As yet, there are only a few fitful signs that Germany — and Europe as a whole — are waking up to the threat of Chinese manufacturing competition. German Chancellor Olaf Scholz’ recent trip to China, with a group of business leaders, made it clear that the country’s leaders still see China primarily as a partner rather than as a competitor whose combination of technological appropriation and cutthroat mercantilism could lead to Europe losing some of its most valuable manufacturing clusters.
European manufacturing will weather the storm of Russian gas cutoffs. But as to whether the region can remain one of the world’s key manufacturing centers in the face of Chinese competition over the next four or five decades remains to be seen.
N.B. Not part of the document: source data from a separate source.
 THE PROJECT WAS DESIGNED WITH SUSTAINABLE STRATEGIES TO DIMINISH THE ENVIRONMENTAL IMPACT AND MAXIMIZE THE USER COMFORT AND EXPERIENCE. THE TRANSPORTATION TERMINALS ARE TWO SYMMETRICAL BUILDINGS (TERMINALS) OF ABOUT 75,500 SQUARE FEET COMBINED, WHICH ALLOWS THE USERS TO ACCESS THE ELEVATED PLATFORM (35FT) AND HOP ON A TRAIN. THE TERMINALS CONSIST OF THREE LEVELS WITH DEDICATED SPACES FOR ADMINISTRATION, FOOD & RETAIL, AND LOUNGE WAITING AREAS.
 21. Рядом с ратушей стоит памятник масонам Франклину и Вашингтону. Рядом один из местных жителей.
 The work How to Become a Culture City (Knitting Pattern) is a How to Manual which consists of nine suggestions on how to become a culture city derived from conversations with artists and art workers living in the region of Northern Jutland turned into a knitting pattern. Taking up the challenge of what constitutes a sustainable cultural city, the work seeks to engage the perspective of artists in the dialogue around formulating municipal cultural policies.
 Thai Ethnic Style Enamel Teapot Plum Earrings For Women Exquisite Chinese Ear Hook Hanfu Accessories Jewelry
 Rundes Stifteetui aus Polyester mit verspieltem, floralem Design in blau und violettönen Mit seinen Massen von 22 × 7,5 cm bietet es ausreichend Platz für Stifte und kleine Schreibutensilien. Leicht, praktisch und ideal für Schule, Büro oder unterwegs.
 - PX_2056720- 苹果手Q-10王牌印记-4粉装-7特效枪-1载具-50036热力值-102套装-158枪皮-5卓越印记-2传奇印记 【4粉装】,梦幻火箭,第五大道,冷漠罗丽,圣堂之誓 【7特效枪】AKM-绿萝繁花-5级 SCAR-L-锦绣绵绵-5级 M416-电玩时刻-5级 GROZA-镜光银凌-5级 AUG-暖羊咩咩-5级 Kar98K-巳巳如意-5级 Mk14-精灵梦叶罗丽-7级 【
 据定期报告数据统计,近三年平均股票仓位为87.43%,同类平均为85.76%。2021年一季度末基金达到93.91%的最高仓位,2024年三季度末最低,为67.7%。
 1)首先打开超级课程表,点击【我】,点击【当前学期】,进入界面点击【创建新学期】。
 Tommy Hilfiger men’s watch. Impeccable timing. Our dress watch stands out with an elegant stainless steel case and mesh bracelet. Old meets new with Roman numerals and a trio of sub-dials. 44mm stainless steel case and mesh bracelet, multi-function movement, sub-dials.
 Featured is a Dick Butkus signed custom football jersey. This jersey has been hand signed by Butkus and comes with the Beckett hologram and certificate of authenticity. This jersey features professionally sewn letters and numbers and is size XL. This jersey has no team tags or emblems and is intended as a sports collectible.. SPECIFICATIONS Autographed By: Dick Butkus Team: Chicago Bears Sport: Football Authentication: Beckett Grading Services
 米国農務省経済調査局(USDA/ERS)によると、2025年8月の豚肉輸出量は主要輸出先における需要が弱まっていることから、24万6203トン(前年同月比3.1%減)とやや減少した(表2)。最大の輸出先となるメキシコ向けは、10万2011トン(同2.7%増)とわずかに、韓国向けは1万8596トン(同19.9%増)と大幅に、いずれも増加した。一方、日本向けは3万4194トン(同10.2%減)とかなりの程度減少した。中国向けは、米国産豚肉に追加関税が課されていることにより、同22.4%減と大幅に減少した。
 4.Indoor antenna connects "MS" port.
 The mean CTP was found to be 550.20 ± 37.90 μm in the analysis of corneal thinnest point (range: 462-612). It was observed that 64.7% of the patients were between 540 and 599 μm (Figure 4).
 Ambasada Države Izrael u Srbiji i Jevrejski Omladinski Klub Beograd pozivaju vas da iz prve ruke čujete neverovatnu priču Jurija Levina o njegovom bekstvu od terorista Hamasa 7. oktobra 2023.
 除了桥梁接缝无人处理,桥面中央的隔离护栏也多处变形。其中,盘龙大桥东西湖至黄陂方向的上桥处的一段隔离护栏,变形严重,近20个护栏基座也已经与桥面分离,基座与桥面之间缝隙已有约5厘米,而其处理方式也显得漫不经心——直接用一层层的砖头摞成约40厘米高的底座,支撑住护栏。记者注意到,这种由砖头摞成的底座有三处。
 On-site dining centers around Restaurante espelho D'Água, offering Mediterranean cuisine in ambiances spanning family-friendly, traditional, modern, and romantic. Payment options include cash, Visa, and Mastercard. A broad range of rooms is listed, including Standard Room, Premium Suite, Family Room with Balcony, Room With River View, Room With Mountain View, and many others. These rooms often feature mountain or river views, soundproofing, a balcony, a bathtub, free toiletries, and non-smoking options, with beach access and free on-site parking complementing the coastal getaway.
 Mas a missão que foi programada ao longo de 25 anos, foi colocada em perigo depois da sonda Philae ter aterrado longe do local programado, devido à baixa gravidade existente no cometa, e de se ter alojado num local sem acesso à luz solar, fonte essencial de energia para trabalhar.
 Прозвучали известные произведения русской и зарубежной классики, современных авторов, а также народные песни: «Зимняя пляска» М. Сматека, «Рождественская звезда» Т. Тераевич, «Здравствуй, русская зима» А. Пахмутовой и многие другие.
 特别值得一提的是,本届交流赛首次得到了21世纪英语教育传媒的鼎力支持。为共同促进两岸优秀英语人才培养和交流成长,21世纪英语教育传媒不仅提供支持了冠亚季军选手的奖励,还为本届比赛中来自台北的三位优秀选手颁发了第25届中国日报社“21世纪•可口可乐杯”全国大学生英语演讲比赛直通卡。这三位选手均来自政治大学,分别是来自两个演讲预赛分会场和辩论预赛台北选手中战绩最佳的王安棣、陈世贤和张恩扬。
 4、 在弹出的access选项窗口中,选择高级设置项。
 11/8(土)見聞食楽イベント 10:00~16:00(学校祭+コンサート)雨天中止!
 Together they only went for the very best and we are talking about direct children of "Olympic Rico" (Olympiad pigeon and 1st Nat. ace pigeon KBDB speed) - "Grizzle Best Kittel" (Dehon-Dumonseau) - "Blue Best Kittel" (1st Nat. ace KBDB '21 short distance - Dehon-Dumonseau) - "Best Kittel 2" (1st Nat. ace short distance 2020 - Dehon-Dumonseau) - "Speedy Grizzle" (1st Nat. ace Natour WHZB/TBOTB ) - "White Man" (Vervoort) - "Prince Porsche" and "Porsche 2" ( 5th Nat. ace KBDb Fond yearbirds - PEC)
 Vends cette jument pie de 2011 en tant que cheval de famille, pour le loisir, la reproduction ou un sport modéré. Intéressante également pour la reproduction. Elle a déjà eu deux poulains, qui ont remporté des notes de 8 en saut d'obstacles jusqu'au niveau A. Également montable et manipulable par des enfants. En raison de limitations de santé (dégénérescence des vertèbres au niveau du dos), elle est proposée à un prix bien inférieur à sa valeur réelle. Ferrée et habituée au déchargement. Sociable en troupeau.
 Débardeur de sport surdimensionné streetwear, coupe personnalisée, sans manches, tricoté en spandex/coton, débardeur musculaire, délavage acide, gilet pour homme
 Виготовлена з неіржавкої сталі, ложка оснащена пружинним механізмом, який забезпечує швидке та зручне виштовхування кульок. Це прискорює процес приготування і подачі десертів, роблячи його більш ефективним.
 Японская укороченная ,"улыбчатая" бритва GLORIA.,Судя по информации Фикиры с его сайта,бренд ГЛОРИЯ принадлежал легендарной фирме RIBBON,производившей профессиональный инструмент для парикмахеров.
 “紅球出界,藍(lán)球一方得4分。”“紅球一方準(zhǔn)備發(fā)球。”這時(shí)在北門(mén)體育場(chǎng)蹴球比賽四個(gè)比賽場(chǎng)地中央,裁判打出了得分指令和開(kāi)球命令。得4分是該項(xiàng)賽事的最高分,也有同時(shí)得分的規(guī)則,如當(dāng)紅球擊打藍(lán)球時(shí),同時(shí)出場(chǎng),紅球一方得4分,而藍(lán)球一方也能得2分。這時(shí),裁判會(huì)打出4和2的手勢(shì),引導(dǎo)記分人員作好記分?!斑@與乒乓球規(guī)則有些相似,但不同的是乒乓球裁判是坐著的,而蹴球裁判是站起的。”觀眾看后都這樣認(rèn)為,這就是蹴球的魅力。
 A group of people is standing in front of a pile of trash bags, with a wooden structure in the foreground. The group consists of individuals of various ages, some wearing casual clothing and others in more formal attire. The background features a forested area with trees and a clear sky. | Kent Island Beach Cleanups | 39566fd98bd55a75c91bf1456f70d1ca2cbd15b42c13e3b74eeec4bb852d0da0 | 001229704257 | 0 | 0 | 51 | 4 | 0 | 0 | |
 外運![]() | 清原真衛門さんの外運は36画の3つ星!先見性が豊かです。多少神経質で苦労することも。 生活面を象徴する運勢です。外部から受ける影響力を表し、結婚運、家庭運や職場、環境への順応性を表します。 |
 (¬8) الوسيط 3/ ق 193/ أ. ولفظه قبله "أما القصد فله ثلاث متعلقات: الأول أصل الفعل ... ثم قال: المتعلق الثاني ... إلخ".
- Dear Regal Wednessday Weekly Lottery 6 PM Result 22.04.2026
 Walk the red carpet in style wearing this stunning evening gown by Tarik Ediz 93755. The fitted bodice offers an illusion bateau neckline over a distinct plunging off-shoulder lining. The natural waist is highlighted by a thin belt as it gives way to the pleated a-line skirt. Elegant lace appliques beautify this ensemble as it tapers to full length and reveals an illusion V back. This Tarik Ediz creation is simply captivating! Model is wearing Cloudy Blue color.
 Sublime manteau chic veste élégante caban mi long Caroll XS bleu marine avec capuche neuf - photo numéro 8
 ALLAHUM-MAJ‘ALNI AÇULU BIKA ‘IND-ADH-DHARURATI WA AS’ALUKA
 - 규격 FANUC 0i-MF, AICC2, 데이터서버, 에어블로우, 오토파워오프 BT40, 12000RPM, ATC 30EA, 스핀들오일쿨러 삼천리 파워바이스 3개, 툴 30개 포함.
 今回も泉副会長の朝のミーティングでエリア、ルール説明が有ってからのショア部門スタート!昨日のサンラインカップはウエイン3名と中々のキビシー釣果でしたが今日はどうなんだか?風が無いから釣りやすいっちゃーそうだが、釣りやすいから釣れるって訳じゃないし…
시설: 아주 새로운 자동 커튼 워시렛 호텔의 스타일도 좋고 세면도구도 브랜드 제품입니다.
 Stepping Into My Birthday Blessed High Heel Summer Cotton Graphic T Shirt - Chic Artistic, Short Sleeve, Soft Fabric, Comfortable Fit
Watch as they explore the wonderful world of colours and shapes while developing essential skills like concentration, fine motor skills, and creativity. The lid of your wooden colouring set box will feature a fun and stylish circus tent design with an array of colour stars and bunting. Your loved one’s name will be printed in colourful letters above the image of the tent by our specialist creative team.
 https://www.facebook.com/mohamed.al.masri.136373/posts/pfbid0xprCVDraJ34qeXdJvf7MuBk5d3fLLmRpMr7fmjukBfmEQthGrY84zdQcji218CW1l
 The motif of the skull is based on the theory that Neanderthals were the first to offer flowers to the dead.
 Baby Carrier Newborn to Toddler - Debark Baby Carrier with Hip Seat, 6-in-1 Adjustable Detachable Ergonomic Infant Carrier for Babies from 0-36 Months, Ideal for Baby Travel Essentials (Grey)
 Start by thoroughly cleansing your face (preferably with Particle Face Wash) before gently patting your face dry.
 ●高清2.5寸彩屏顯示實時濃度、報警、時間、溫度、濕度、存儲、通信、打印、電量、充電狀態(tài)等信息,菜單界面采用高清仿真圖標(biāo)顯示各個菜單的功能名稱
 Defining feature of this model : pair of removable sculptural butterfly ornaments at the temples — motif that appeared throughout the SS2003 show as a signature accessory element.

EU + NAFTA should form a block to lock out Chinese strategic products and keep strategic tech out of Chinese hands.
Then recruit the ANZUS + IJT to join the fray. Others would be welcome to play.
We have procided the Chinese with a LOT of rope, ie, enough to hang us with.
Enough already!
As a German, who is sharply observing developments here, I praise your analysis.
Regarding the cut-off, leading associations of German companies were speculating that Russia will not cut-off gas supply and, therefore, most companies were active in lobbying instead of substituting the production process. Substitution only started adequately, with the final cut-off coming from Russia. Since then, German companies have been much more successful in replacing their production inputs than in all predictions of their respective think tanks, IW Köln and IMK Düsseldorf.
Regarding the Chinese competition, Germany has already started to trust less, and the government is already preventing the transfer of specific technology or selling companies that own these technologies. Nonetheless, German discourse is strongly biased by its demographic development, with many older people afraid that reducing trade with China would lead to many adverse short-term effects on the current employment level. The inflation development already creates bizarre discussions and inconsistent policy reactions in Germany (as you know, the German trauma).